Inventing for the Future—Science Sculptures
In this project, students explore 8th-grade science concepts involving adaptations.
We will discuss as a class how the environment is changing and what adaptations or inventions may be needed in the future. Students will consider issues like forest fires, rising temperatures, clean water, pollution, the food supply chain, etc. They will then sculpt a model of their invention or adaptation. Students will use materials like cardboard, paperboard, plastic containers and lids to construct their models.
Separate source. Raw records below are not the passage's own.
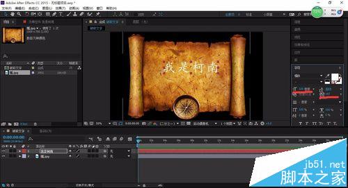 7、在时间线面板中,选择"我是柯南"层,按住Enter键,更改该图层名称为"文字"层,如下图所示。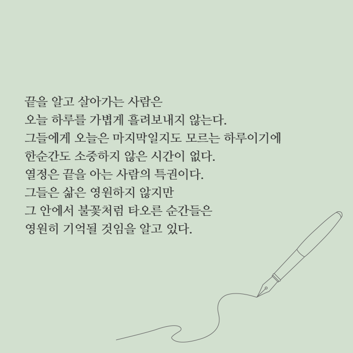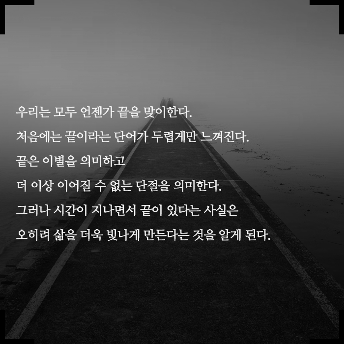 #끝을알다 #끝 #열정 #삶을더욱빛나게하다 #이별 #단절 #열정적인삶 #좋은글 #짧은글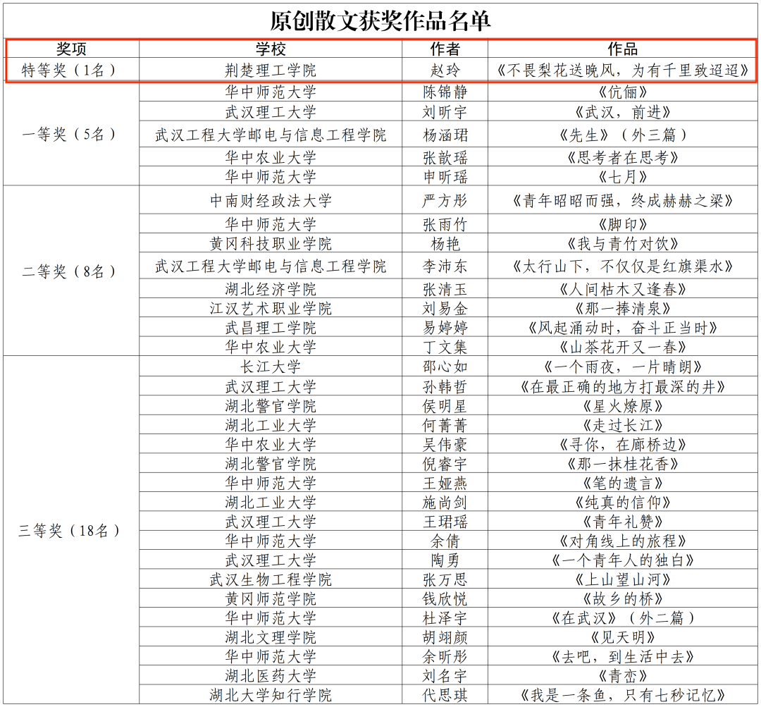 近日,湖北省高校第三十九届“一二·九”诗歌散文大赛获奖名单公布。海燕策略社区论坛文学与传媒学院2022级汉语言文学专升本3班赵玲同学的作品《不畏梨花送晚风,为有千里致迢迢》(指导老师:唐晓)获大赛原创散文类特等奖。

Students will learn to translate their 2D sketch into a 3D model.
- Students will brainstorm at least three different ideas of possible adaptations or inventions that could help humans in the future
- Students will determine which idea they will pursue
- Students will fully draw their idea from two different angles to get a better understanding of the objects full form (translation from 2D to 3D).
- Students will sculpt a 3D model of their adaptation.
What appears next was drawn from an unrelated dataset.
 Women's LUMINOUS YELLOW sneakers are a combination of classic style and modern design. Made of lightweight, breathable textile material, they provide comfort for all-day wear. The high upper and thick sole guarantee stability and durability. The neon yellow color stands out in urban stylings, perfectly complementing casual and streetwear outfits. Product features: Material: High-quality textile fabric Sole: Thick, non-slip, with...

- Students will write a three-to-four sentence statement about their artwork
Basic Lesson Outline:
- Introduce the project and share slideshow.
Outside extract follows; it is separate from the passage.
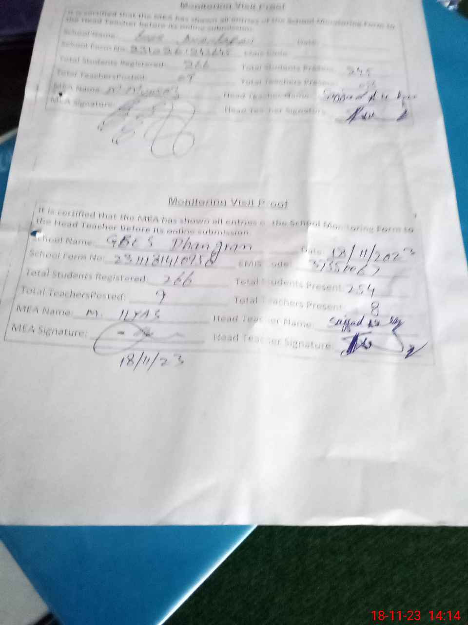 | Attendance Register | Head Teacher | MEA with School | Visit Proof |

- Students will determine their adaptation/invention and draw it from two different angles to better understand its form (translate from 2D to 3D)
- Students will begin sculpting their idea
- Students finalize their sculptures
- Students display their work and artist statement, give feedback and discuss
- extra blank paper for drawing idea from two angles
- pencils and erasers
- Xacto knives
- cardboard pieces and paperboard pieces
- masking tape/duct tape
- cardboard tape and sponges
- hot glue sticks and gun
- (encourage students to bring items from home to add to the supplies)
Final drawing worksheet
Idaho State Learning Standards:
Arts and Humanities: Anchor Standard 1: Generate and conceptualize artistic ideas and work.
- VA:Cr1.1.8a: Document early stages of the creative process visually and/or verbally in traditional or new media.
Arts and Humanities: Anchor Standard 2: Organize and develop artistic ideas and work.
- VA:Cr2.1.8a: Demonstrate willingness to experiment, innovate, and take risks to pursue ideas, forms, and meanings that emerge in the process of artmaking or designing.
- MS-LS2-4. Construct an argument supported by empirical evidence that changes to physical or biological components of an ecosystem affect populations.
- MS-LS2-1. Analyze and interpret data to provide evidence for the effects of resource availability on organisms and populations of organisms in an ecosystem.
- MS-LS2-5. Evaluate competing design solutions for maintaining biodiversity and ecosystem services.
- Subject area language: adaptation, invention, environment, observation
- Art Language: sculpture, form, 2D, 3D, model
Student Use of Vocabulary:
Students will use the words when creating their sculptures, when writing about their work, and when discussing their projects.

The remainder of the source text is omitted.